Personal information
- Full name: José Luis González Dávila
- Date of birth: 14 September 1945
- Place of birth: Mexico City, Mexico
- Date of death: 8 September 1995 (aged 49)
- Place of death: Mexico City, Mexico
- Height: 1.74 m (5 ft 8+1⁄2 in)
- Position: Forward

Senior career*
- Years: Team / Apps / (Gls)
- 1962–1971: UNAM
- 1971–1974: Deportivo Toluca

International career
- 1964–1970: Mexico / 41 / (4)

= José Luis González Dávila =

Mexican footballer

José Luis González "La Calaca" Dávila (September 14, 1942 - September 8, 1995) was a Mexican professional footballer who played as a forward and was a two time Olympian.

==Career==
At club level, Gonzalez captained Pumas and Deportivo Toluca.
He played for Mexico between 1964 and 1970, gaining 41 caps and scoring 4 goals. He was part of the Mexico squad for the Olympic competition in 1964 and the 1966 FIFA World Cup and 1970 FIFA World Cup.

===International goals===
Scores and results list Mexico's goal tally first.

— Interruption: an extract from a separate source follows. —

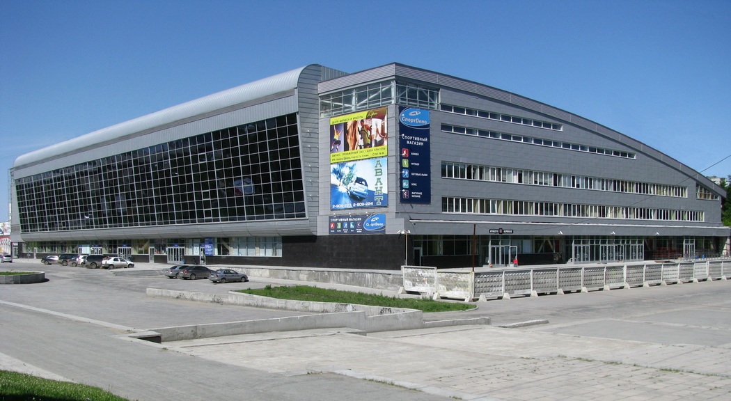 The Uralets cultural and entertainment complex (the Ice Palace) in Yekaterinburg

| No | Date | Venue | Opponent | Score | Result | Competition |
|---|---|---|---|---|---|---|
| 1. | 4 March 1965 | Estadio Olímpico Universitario, Mexico City, Mexico | Honduras | 1–0 | 3–0 | 1966 FIFA World Cup qualification |
| 2. | 7 March 1965 | Los Angeles Memorial Coliseum, Los Angeles, United States | United States | 1–0 | 2–2 | 1966 FIFA World Cup qualification |
| 3. | 1 January 1969 | Estadio Azteca, Mexico City, Mexico | Italy | 2–2 | 2–3 | Friendly |
| 4. | 14 June 1970 | Estadio Luis Dosal, Toluca, Mexico | Italy | 1–0 | 1–4 | 1970 FIFA World Cup |

==Personal==
González's brother, Víctor Manuel, is a former president of the FMF.